Uma grande instituição financeira atendida pela Vert Analytics enfrenta um dilema comum ao setor: o volume de fraude de identidade cresce junto com o volume de novos clientes, mas qualquer tentativa de tornar a verificação mais rigorosa gera aumento proporcional no abandono de cadastro. Cada ajuste testado tende a resolver um problema, criando outro do mesmo tamanho.
A solução não vem de tornar a verificação existente mais rígida, e sim de trocar a arquitetura por trás dela. Ao usar o ONDA para cruzar milhares de fontes simultaneamente em cada nova verificação, a instituição deixa de depender de uma checagem sequencial que já opera no limite da capacidade de detecção.
Por que aumentar o rigor da forma antiga não resolve o problema?
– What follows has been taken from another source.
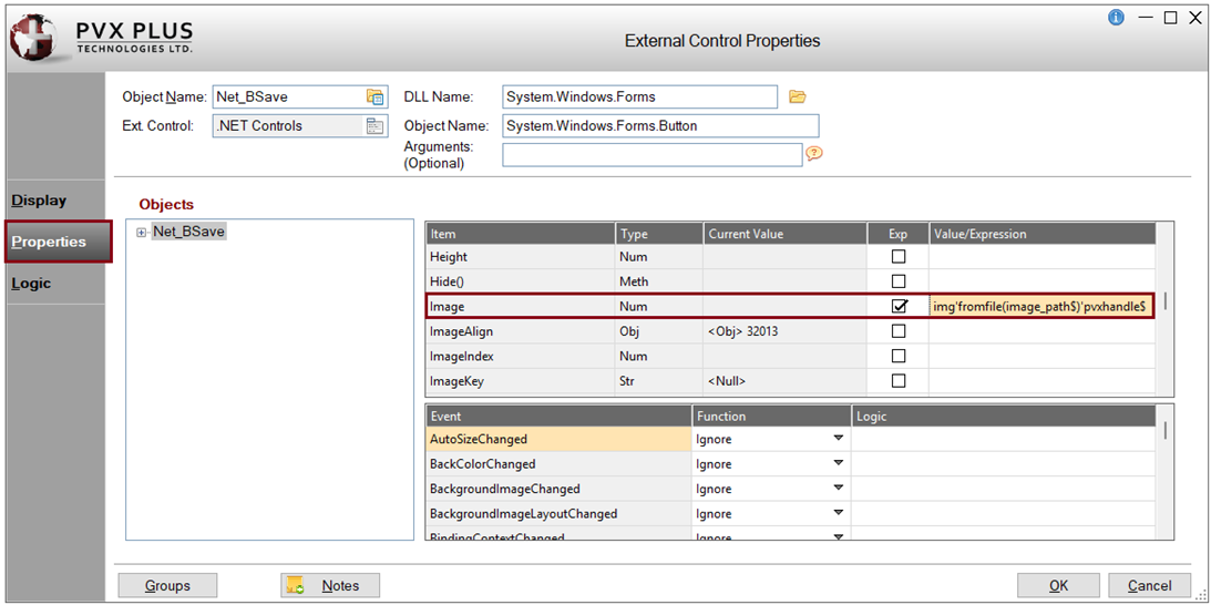 In the NOMADS Panel Designer, invoke the External Control Properties window. Click the Properties tab. In the first grid, look for Image in the Item column. Select the Exp check box and enter the Value/Expression: img'fromfile(image_path$)'pvxhandle$. The FromFile object will look for the specified image location. The Image will default to the center of the text. In the next set of steps, you will be changing the alignment.

Num processo de verificação sequencial, cada nova camada de segurança adicionada significa mais uma etapa que o cliente precisa cumprir, e mais um ponto onde ele pode desistir do cadastro. Adicionar rigor, dentro dessa arquitetura, sempre custa conversão.
O problema não está na quantidade de segurança aplicada, está na forma como ela é aplicada. Uma arquitetura sequencial trata cada camada adicional como um degrau extra que o usuário precisa subir; uma arquitetura paralela, como a que sustenta o ONDA, trata a mesma quantidade de verificação como uma única checagem simultânea, sem empilhar tempo de espera a cada nova fonte incorporada.
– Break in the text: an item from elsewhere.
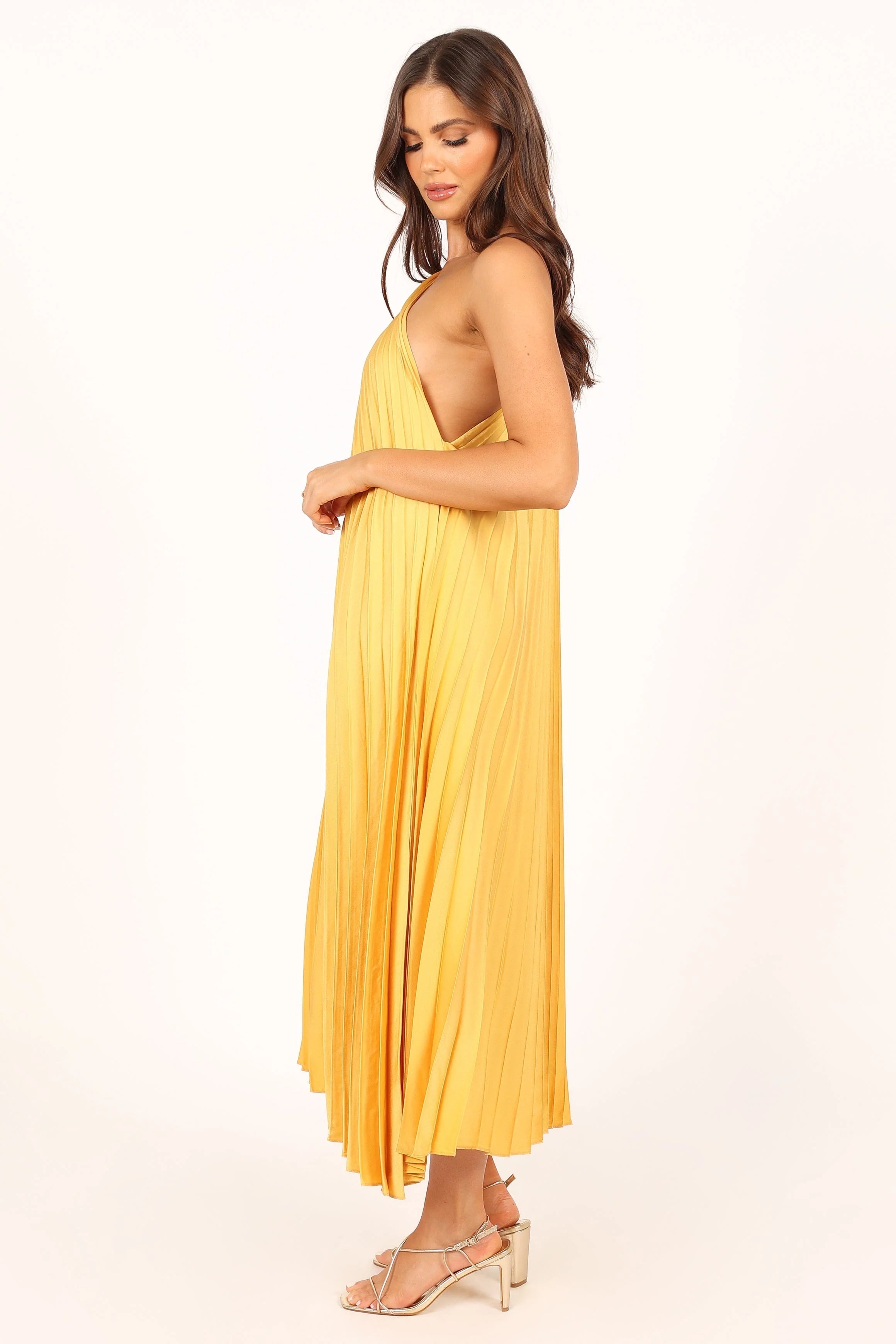 DETAILS Make a statement in our gorgeous Cali One Shoulder Midi Dress! With its drawstring tie detail and fine pleat feature, this soft feel fabric offers a relaxed fit that is lined for added comfort. Perfect for any occasion, you'll be sure to stand out in this eye-catching golden yellow piece!

O que muda com a implementação?
Ao adotar o ONDA, a instituição passa a cruzar identidade, dados cadastrais e histórico de comportamento em múltiplas fontes ao mesmo tempo, em vez de validar cada elemento em sequência. O tempo de verificação por cliente tende a cair de forma expressiva, porque o processo deixa de somar o tempo de cada checagem individual e passa a processá-las em conjunto.

Ao mesmo tempo, a capacidade de identificar tentativa de fraude aumenta, porque uma inconsistência que passaria despercebida numa única fonte fica visível pelo contraste com as demais fontes cruzadas simultaneamente. Uma tentativa de abertura de conta com dado divergente entre duas bases diferentes, por exemplo, passa a ser sinalizada automaticamente, algo que uma verificação sequencial dificilmente captaria com a mesma consistência.
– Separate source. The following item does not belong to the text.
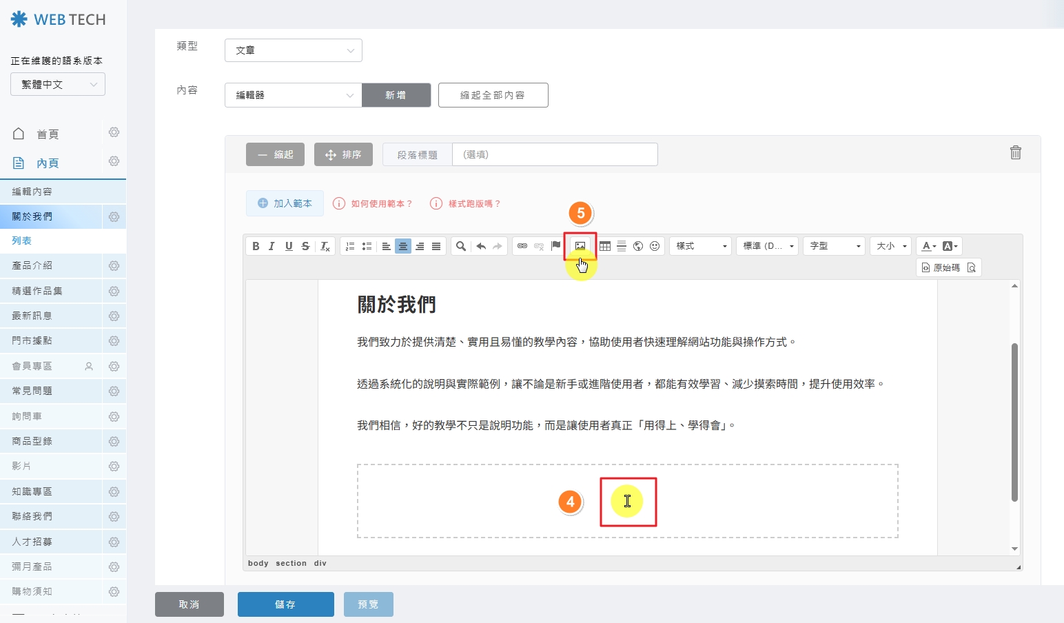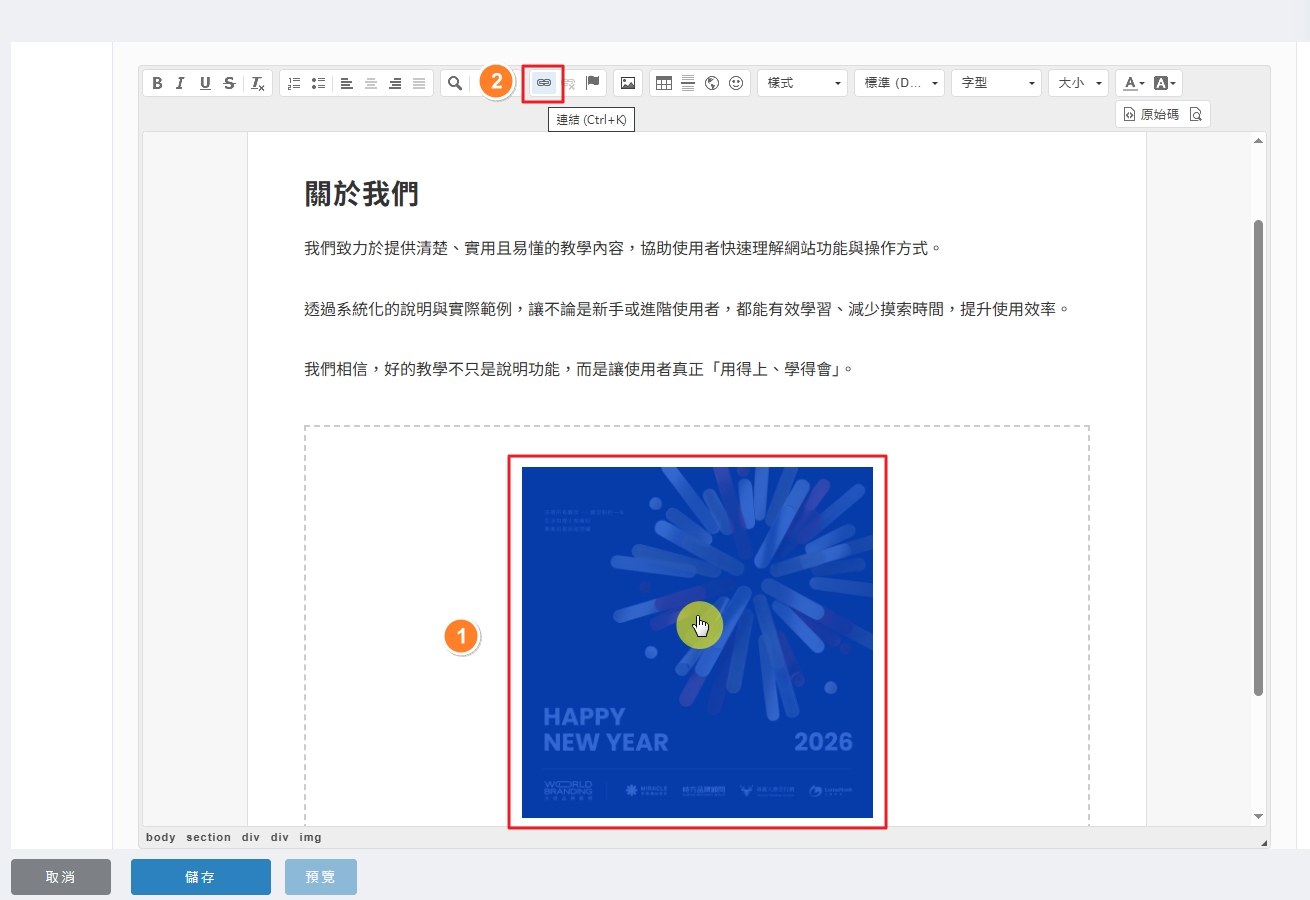 本篇教學文章將指導您如何在內容區塊中插入圖片、設定超連結,以及正確刪除圖片的標準流程。

O resultado possível: menos fraude, mais conversão, ao mesmo tempo
O ganho mais relevante para uma instituição nesse cenário não é apenas a redução de fraude, isoladamente, nem apenas o aumento de conversão, isoladamente: é conseguir as duas coisas ao mesmo tempo, algo que uma arquitetura sequencial dificilmente permite. A trilha de auditoria gerada por cada validação também passa a sustentar as exigências de compliance e regulação do setor, sem esforço manual adicional da equipe interna.
Esse tipo de caso ilustra um princípio central do ONDA: segurança e experiência do usuário não competem entre si por natureza, competem quando a arquitetura por trás da verificação as trata como objetivos opostos, em vez de tratá-las como duas exigências que podem ser atendidas ao mesmo tempo.
O que essa possibilidade representa para outras instituições no mesmo estágio?
Para instituições financeiras que ainda enfrentam esse dilema entre rigor e conversão, a experiência de instituições nesse cenário sugere que o problema raramente está na quantidade de segurança aplicada, e sim na arquitetura que sustenta essa segurança. Trocar uma verificação sequencial por uma verificação simultânea tende a resolver os dois lados do problema ao mesmo tempo, em vez de forçar uma escolha entre eles.
A Vert Analytics trata esse tipo de resultado como prova prática de que a tensão entre segurança e experiência do usuário é, na maior parte dos casos, um problema de arquitetura técnica, não uma limitação inevitável do setor.